Now he has started off this week with a bang, one that's sure to leave the domestic automakers sweating.  White House staff said early Monday that neither Chrysler nor GM submitted satisfactory plans and that they had rejected GM's request for $16.6B USD more in bailout funds and Chrysler's request for an additional $5B USD according to MSNBC.  The decision sets up an endgame that may ultimately involve the demise of these two former bastions of the U.S. manufacturing and tech industry.

While denying full bailout funding, Washington has extended an offer of some assistance to GM and Chrysler under strict terms.  In Chrysler's case, the government states that a thorough review revealed it unable to sustain as an independent business.  The government suggests that Chrysler merge with Italian automaker Fiat SpA, which it already gave a 35 percent stake to several months ago.

White House officials say that it will offer up $6B USD in a one-time bailout offer to the pair if they can complete negotiations.  The Obama administration hopes a deal with Fiat, which already saw its own successful turnaround a few years ago, could save Chrysler.  However, if the pair cannot reach a deal the administration is prepared to walk away from funding, likely leaving Chrysler to its demise.

If this occurs, Chrysler's assets are likely headed for a complete sell-off.  It has no funds for other alternatives, and it already has undergone a previous devastating bankruptcy.

For GM, Washington is demanding a massive restructuring of the company's leadership, which started with the removal of Rick Wagoner.  The White House offered 60 days of operating money to sustain the company while it restructured, if it complies.  Fritz Henderson, GM's president and chief operating officer, reportedly has become the new CEO in compliance with the plan.  Board member Kent Kresa, the former chairman and CEO of defense contractor Northrop Grumman Corp., has taken over as the new chairman of the board.

According to White House officials, the majority of the rest of the board are expected to step down. 

After 60 days, GM is likely on its own unless the Obama administration has a change of heart.  GM has previously said that without bailout funds it cannot survive, and will be forced to liquidate.  So while its terms are just slightly gentler than Chrysler's, it ultimately may meet the same end.

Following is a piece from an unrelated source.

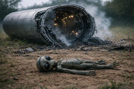 The Colonel walked over to the alien on the ground and gave it a nudge with his foot. “We’ve got a live one here. OK, call it in. Usual routine. Set up a one mile exclusion zone until we can get the craft and the eety airlifted to the facility. Tell the PR people to prepare some sort of cover story, whatever guff they think will work.”
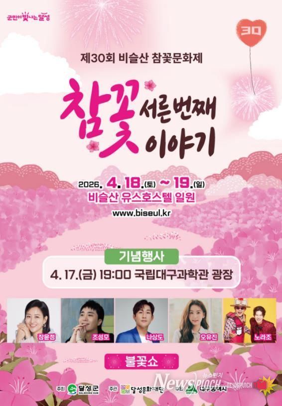 최재훈 달성군수는 “제30회를 맞이한 비슬산 참꽃문화제가 전국의 방문객이 함께 즐기는 달성군 대표 봄축제로 자리매김할 수 있도록 다채로운 프로그램을 준비했다”며, “많은 분들이 축제장을 찾아 봄의 정취와 수준 높은 문화공연을 함께 즐기시길 바란다”고 전했다.

President Obama stated on Meet The Press over the weekend, "We think we can have a successful U.S. auto industry. But it's got to be one that's realistically designed to weather this storm and to emerge -- at the other end -- much more lean, mean and competitive than it currently is."

The Obama administration made the decision in the face of growing public discontent over the bailout.  Administration officials said that GM and Chrysler had not made good on their promises, and that the administration was doing the companies a favor not calling in the billions in bailout loans -- yet.  The White House remains optimistic that Chrysler and GM may survive, if they play by their rules.  The Obama administration says GM, in particular, has the best hopes as they say it has strong research potential with programs like the Chevy Volt, and still enjoys a good brand name.

Despite slashing thousands of jobs, GM and Chrysler have a gargantuan task ahead of them in trying to survive.  GM owes $28B USD to bondholders and $20B USD in retirement benefit and healthcare to former employees.  Chrysler owes about $7B USD in debt, mostly to banks, and owes $10.6B USD in retirement and health care.

If either company fails to meet the government's terms, administration officials reportedly want a forced restructuring under court supervision, rather than Chapter 11 bankruptcy.  Administration officials say that Chapter 11 is not their goal, but that there could be a "role for a court supervised process to effect the restructuring... different from Chapter 11."  However, many within both companies and many financial analysts state that such restructuring is high infeasible and liquidation is the only possible outcome.

Regardless of what the end result is, it is clear that whatever form GM or Chrysler emerge in, they will be much smaller.  In the process many tech professionals will be laid off, many dealerships will close, and many suppliers will likely fold.  In this respect the recession has just claimed its largest casualty yet.